Records drawn from a dataset:
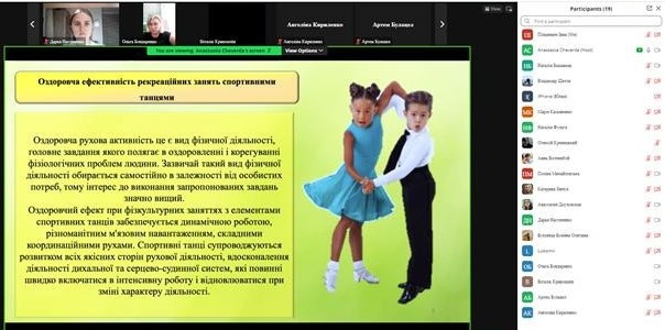 На прикладі наявних досліджень лекторкою було продемонстровано вплив фізкультурних занять з елементами спортивних танців на показники фізичного розвитку, функціонального стану серцево-судинної та дихальної системи, постави, фізичної підготовленості, працездатності дітей шкільного віку.
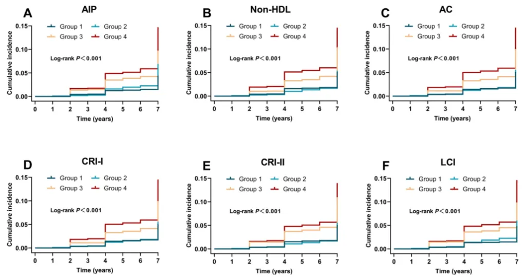 图2,腹部肥胖与非传统脂质参数(A-F)的CMM风险K-M图。
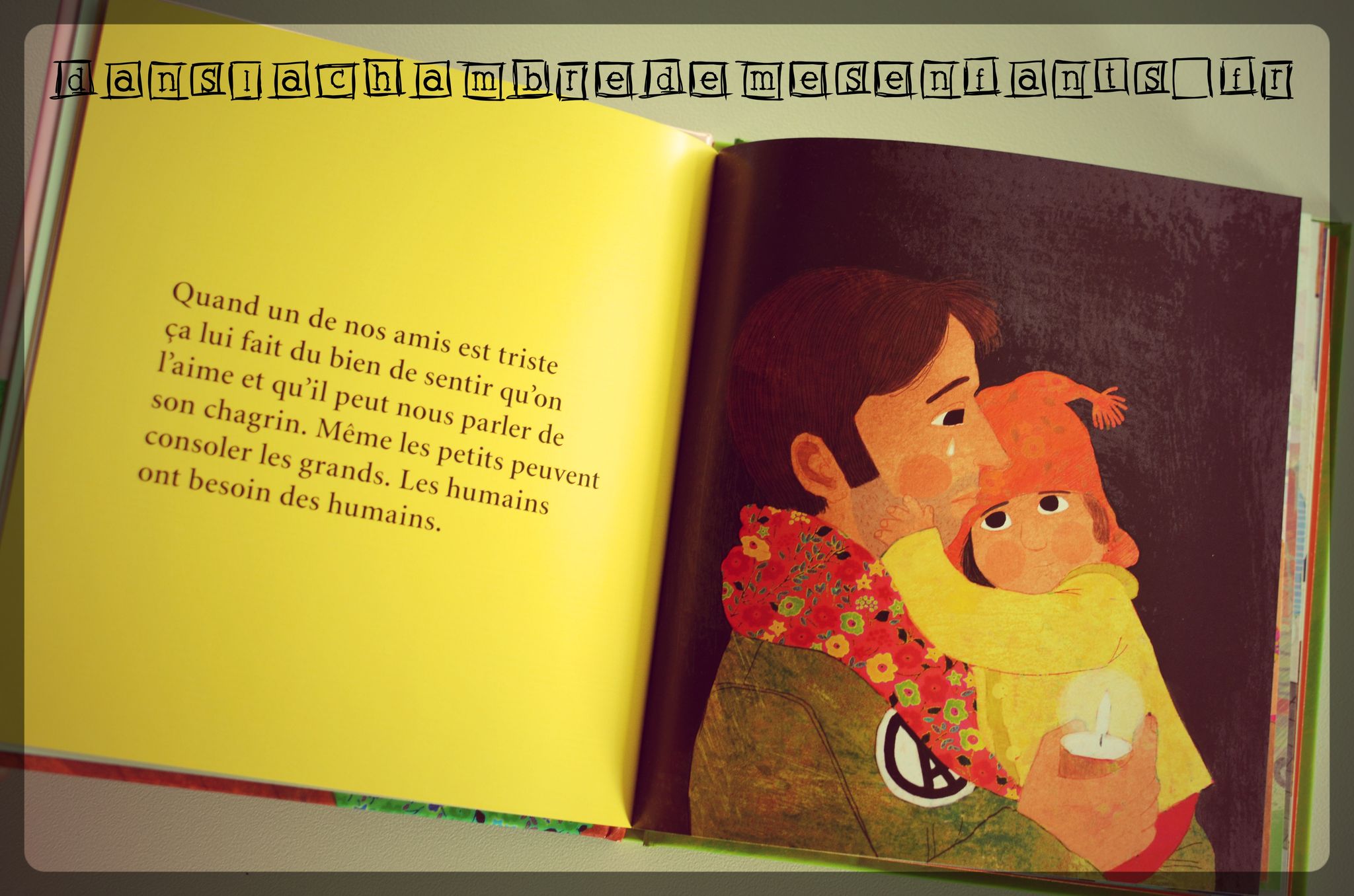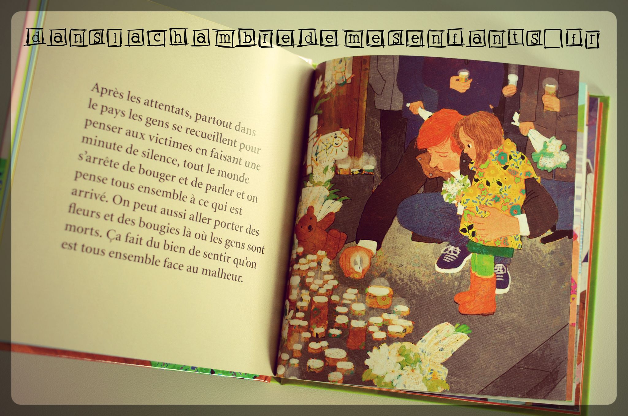 Ce livre traite d’un sujet assez vaste mais il n’oublie pas des points orientés par l’actualité avec notamment des passages sur les attentats : « Les terroristes ne supportent pas qu’on ne partage pas leurs idées. C’est pourquoi ils font des actions violentes comme les attentats. Ils veulent terroriser tout le monde. C’est très triste d’apprendre que des gens peuvent être tués comme ça et c’est très injuste ». Cela rappelle que les adultes comme les enfants peuvent avoir peur et de la peine. Pour se consoler, « Les humains ont besoin des humains ». L’individu fait partie d’un groupe et il est considéré dans le commentaire en expliquant la devise de la France : « Liberté, Egalité, Fraternité » à laquelle il y est ajouté qu’être sensible à la « beauté » (la musique, la fête…) rend meilleur.
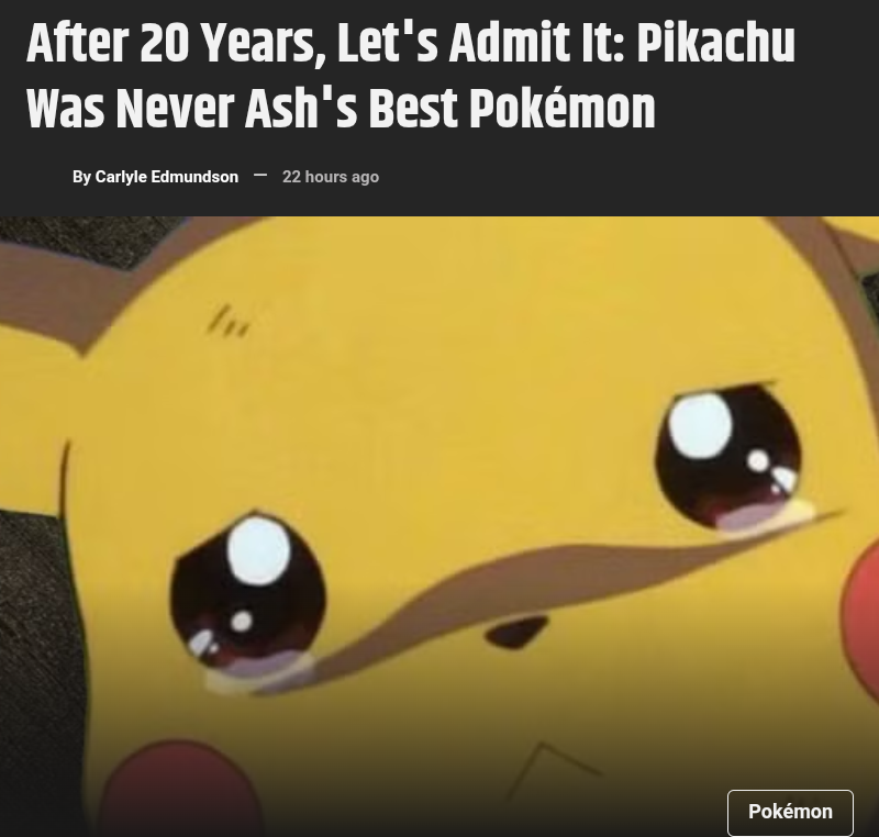 >>57413277"Journalism" is incredibly lazy blogging now. This is junk information to hit a quota, a bullshit article with a false premise about nothing anyone has ever said. It's been Snorlax, Charizard, and Kingler since the 90s, anyone who watched the show knew Pikachu lost to dumb bullshit as much as he won with dumb bullshit. He was exactly as strong as the plot required at that moment in time.
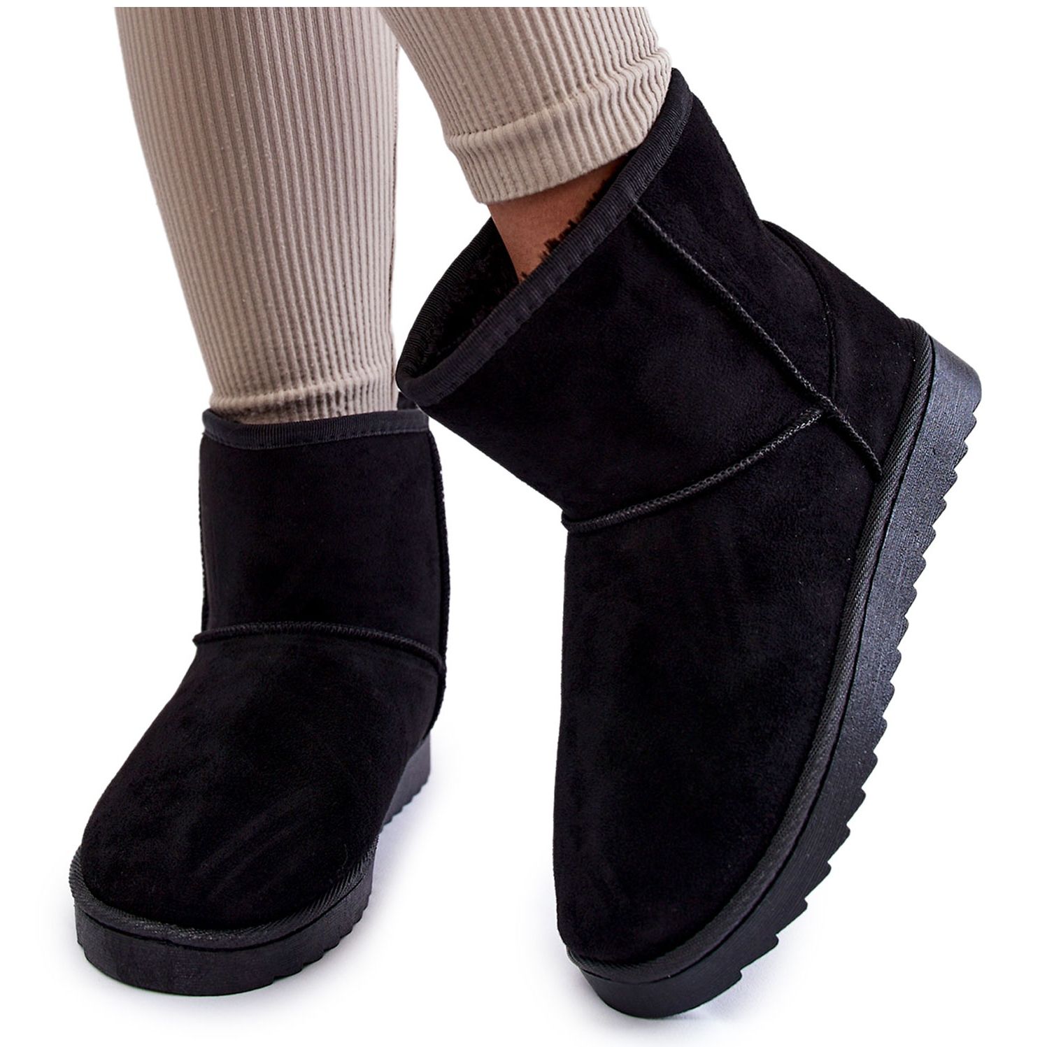 Bottes de neige noire isolées pour femmes - une combinaison de style, de confort et de chaleur les jours froids. Fabriqué en daim eco avec des coutures subtiles sur la tige, ils présentent une coupe universelle classique, que vous pouvez facilement adapter aux stylisations d'hiver - d'une veste à la baisse à un long manteau. L'intérieur rembourré avec une fourrure écologique épaisse offre un réchauffement agréable, et la plate-forme de 3 cm de haut isole efficacement le sol froid, augmentant le confort pendant les promenades.
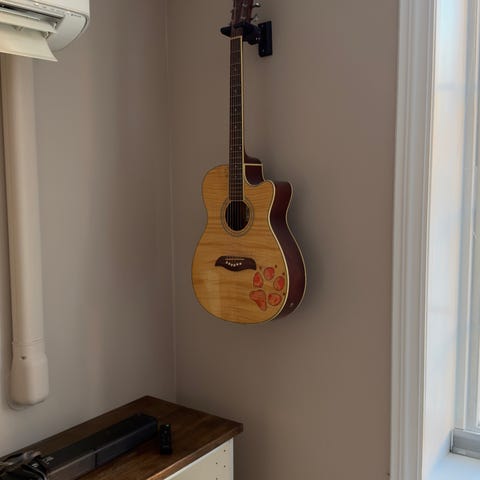 Akustisk gitar med tradisjonelt design. Overraskende god lyd til prisen. Installert pick-up. Gitaren trenger litt kjærlighet og et sett nye strenger, men vil med det være så god som ny.
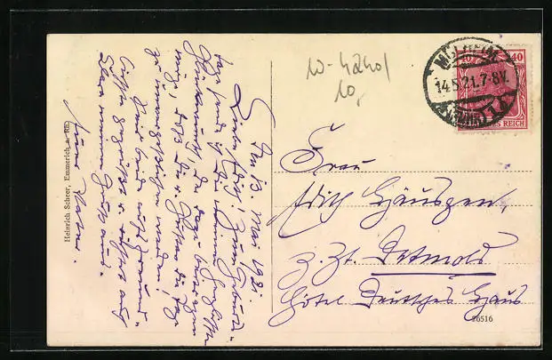 alte Ansichtskarte, gelaufen 1921, guter Zustand
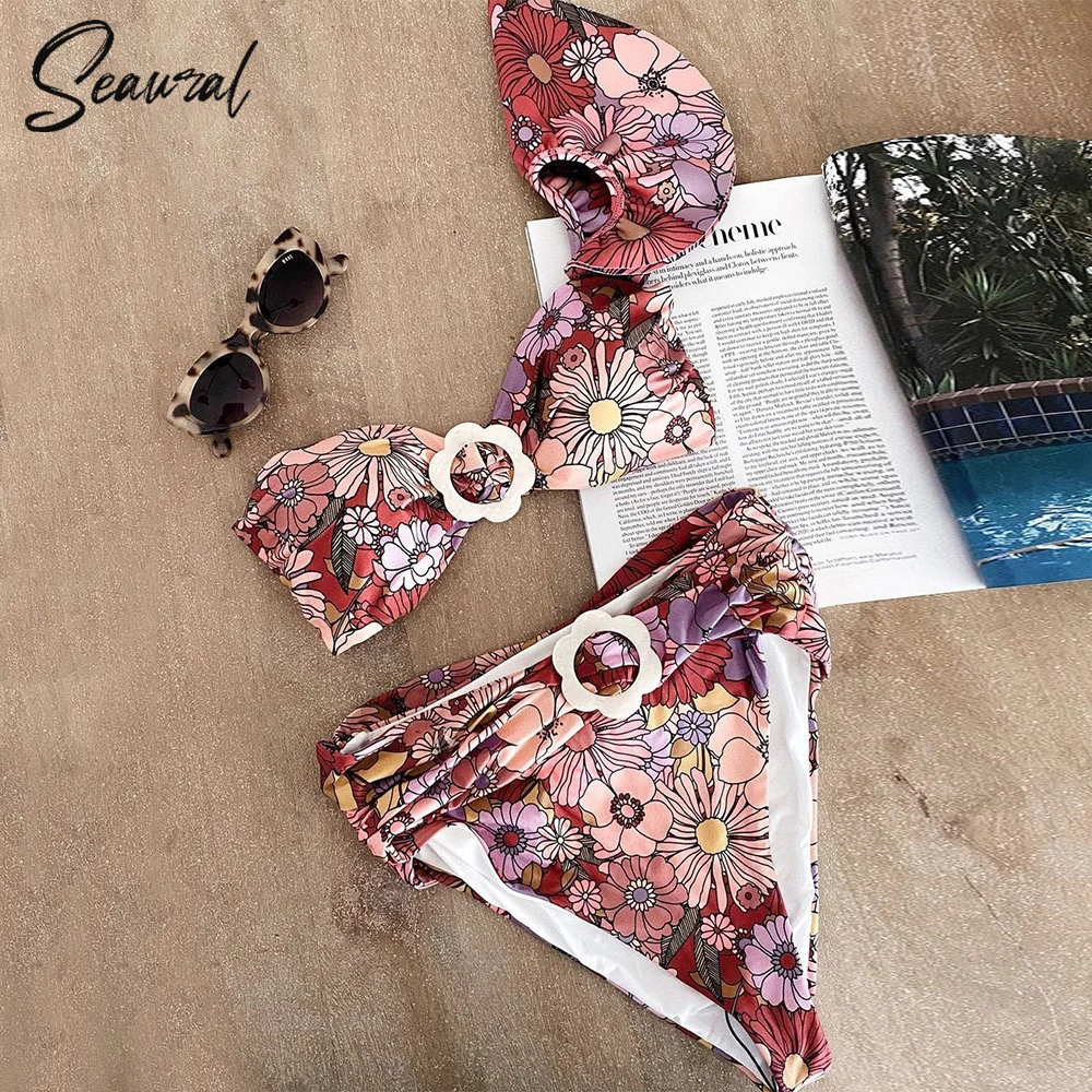 Пикантный комплект бикини с высокой талией и оборками, новинка 2021, купальник на одно плечо, женский купальный костюм с цветочным принтом, пляжная одежда, бикини
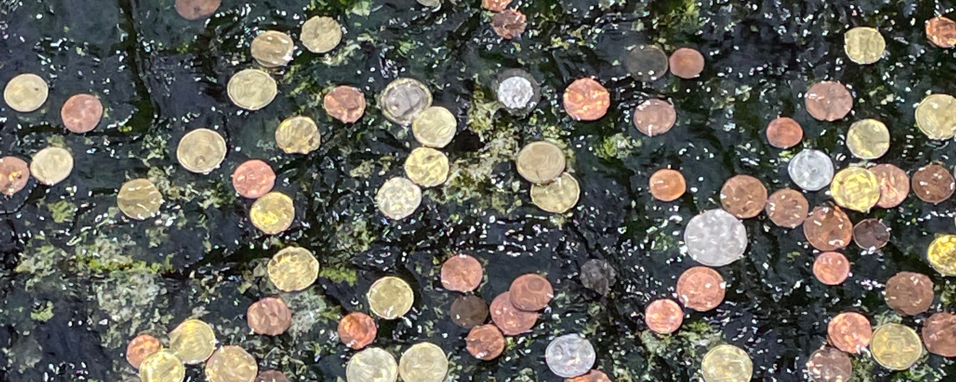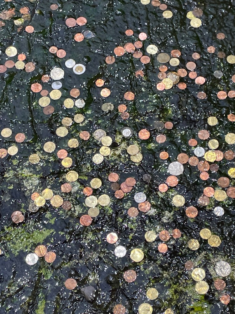 Golden, silbern und kupfern glitzern die Träume und Sehnsüchte der Menschen im tänzelnden Wasser. Kaum ein Brunnen an tourismusträchtigem Platz, der heutzutage noch von Münzwürfen verschont bliebe! Wassergottheiten mit Gaben zu besänftigen mag in alten Zeiten als sinnvolle Handlung angesehen worden sein, aber was bringt Menschen heutzutage zu ähnlichem Tun? Steckt dahinter der Wunsch nach Rückkehr, wie es für den Trevi-Brunnen reklamiert wird, oder ist es nur das Bedürfnis, eine sichtbare Spur zu hinterlassen? Ein „Ich-war-da!“ statt ein „Ich-komme-wieder!“
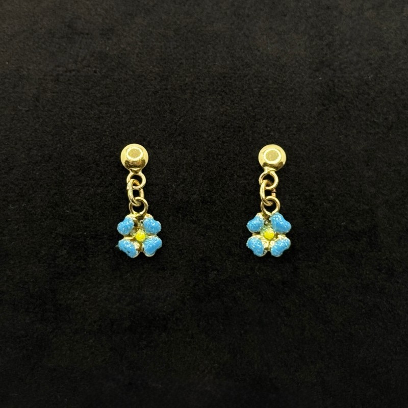 Orecchini Pendenti Fiore Oro Giallo 18 kt Smaltati
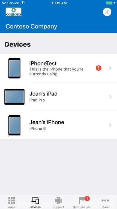 アプリやリソースなどを利用することができるデバイスを登録、表示することが可能となっていて、デバイスを紛失してしまった場合には抹消してアプリなどを利用できなくすることができます。
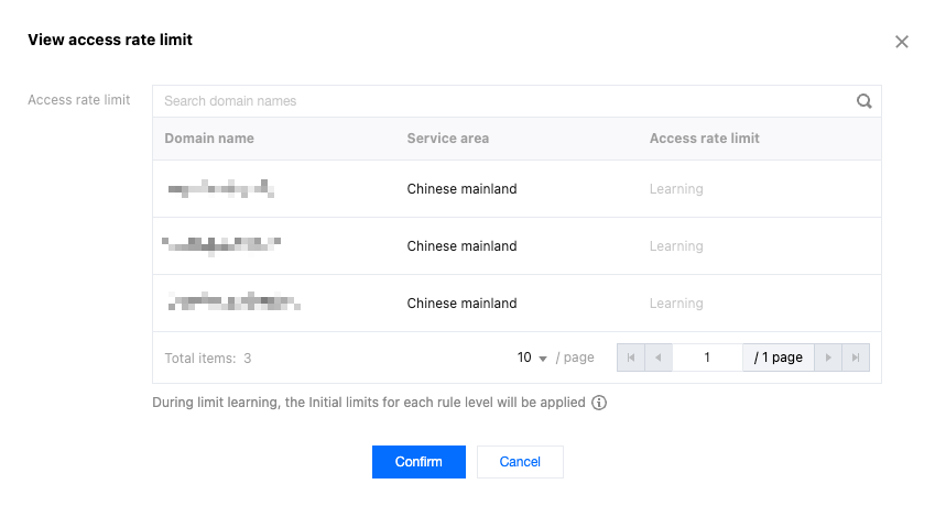 4. View the access rate limit corresponding to the associated domain name of the current protection policy in the pop-up window.

**WHAT TO PRODUCE**
Exact copy, pictures excluded: print only the lines from the line containing "Orecchini Pendenti Fiore" through the end of the records.

**RESPONSE AREA**
 Orecchini Pendenti Fiore Oro Giallo 18 kt Smaltati
 アプリやリソースなどを利用することができるデバイスを登録、表示することが可能となっていて、デバイスを紛失してしまった場合には抹消してアプリなどを利用できなくすることができます。
 4. View the access rate limit corresponding to the associated domain name of the current protection policy in the pop-up window.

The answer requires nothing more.